More precisely: the associative holographic regime is logically prior in the evolutionary and developmental sense. It's what biological cognition runs on fundamentally. The sequential symbolic regime is a later, culturally constructed overlay — the Rank 2 achievement, writing and arithmetic as external location-addressed memory — that extends and partially externalizes the associative system's reach. But the overlay cannot replace the substrate, because the kinds of objects the substrate handles cannot in principle be fully captured by sequential symbolic description. Yevick makes this point explicitly: the verbal string that reconstructs a picture is not the picture. What you see is not what you say.

The connection to the LLM argument

This now illuminates something important about the LLM situation you identified. An LLM implementing content-addressed associative memory on a location-addressed substrate is — in Yevick's terms — a sequential symbolic system approximating a holographic one. The approximation is impressively good for language, which is itself already a sequential symbolic output of the underlying associative system. But the approximation breaks down precisely at the boundary Yevick identifies: wherever the object being processed is holistically constituted in ways that resist decomposition into sequential symbolic description.

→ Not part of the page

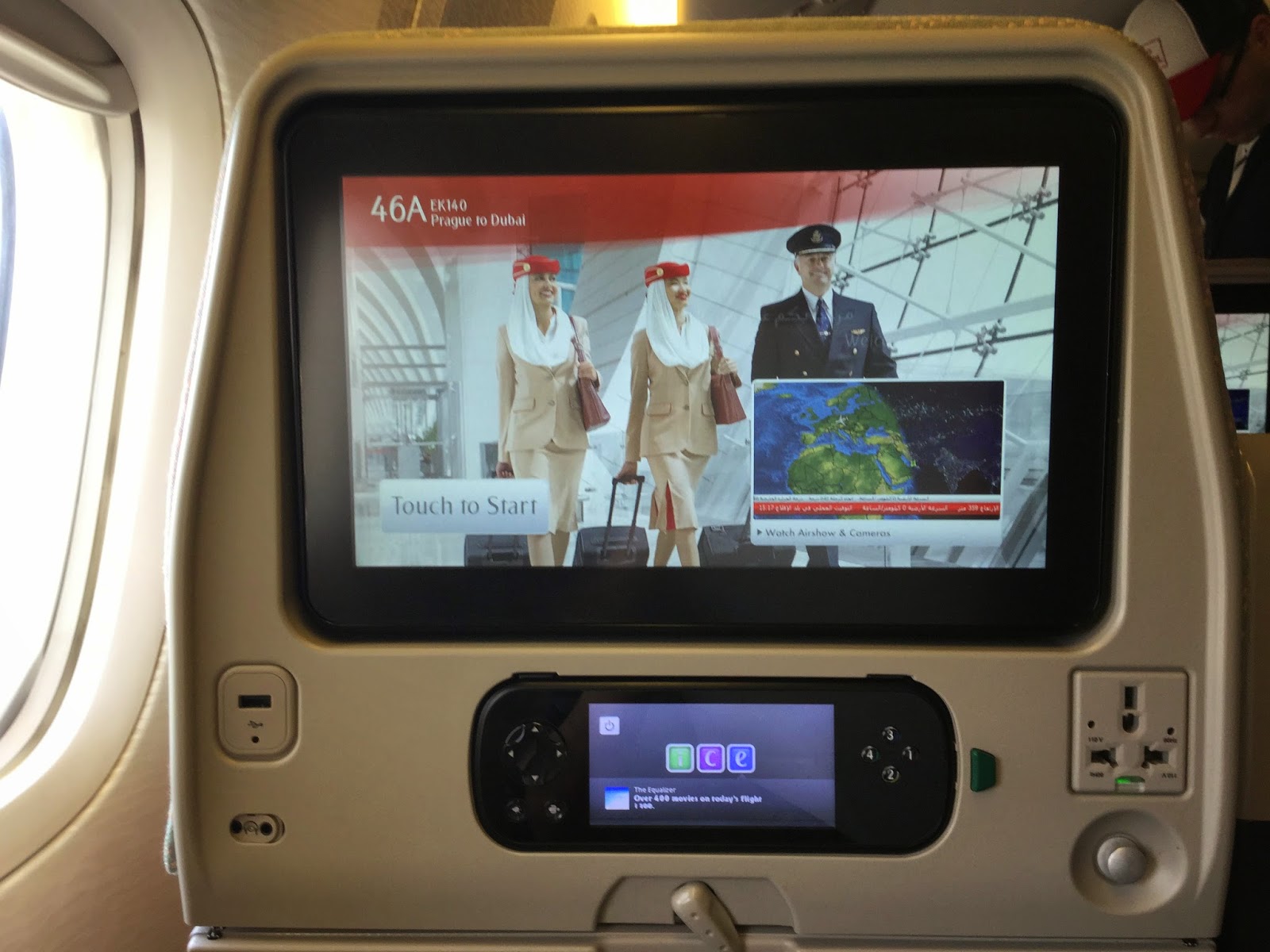 螢幕相當大,觸控功能也很靈敏好用!每個座位螢幕下方都有充電插座及USB插槽,台灣的插頭也適用,不需要轉接頭,就可直接充電。

This is why LLMs handle language well but struggle with certain kinds of spatial reasoning, genuine novelty recognition, and the kind of immediate gestalt understanding that humans achieve in a fraction of a second for visual scenes. These aren't engineering failures to be fixed by scaling — they're consequences of the architectural mismatch Yevick diagnosed fifty years ago.

The deeper implication for the ranks framework

What Yevick's logical necessity claim adds to your ranks framework is a grounding for why the ranks had to develop in the order they did and why the substrate never gets fully superseded. Rank 1 culture operates primarily in the holographic regime — myth, ritual, the immediate apprehension of social and natural patterns. Rank 2 constructs the sequential symbolic overlay — writing, arithmetic, explicit rule specification. Rank 3 elaborates that overlay into science and technology. Rank 4 reflects on the overlay itself and discovers its limits — which is precisely what Gödel and Turing did, and what Yevick is doing at the level of logic and computation.

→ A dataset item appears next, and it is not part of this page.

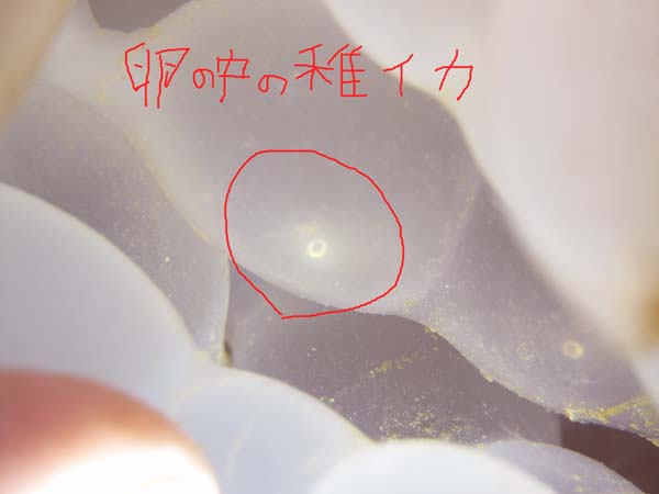 アオリイカの卵をチェ~ック!卵の中でチッチャ~いアオリイカが元気に動いていました!

But none of this supersedes the holographic substrate. Earlier formations persist, as you and Hays explicitly argue. And Yevick's point is that they must persist, not because of cultural inertia but because the world contains objects that cannot be processed any other way. The Rank 1 shaman apprehending the whole situation of the tribe in a single gestalt is doing something that no sequential symbolic system can fully replicate — not because it's mysterious or irrational, but because the object being apprehended is holistically constituted and the only appropriate processing regime for such objects is the holographic one.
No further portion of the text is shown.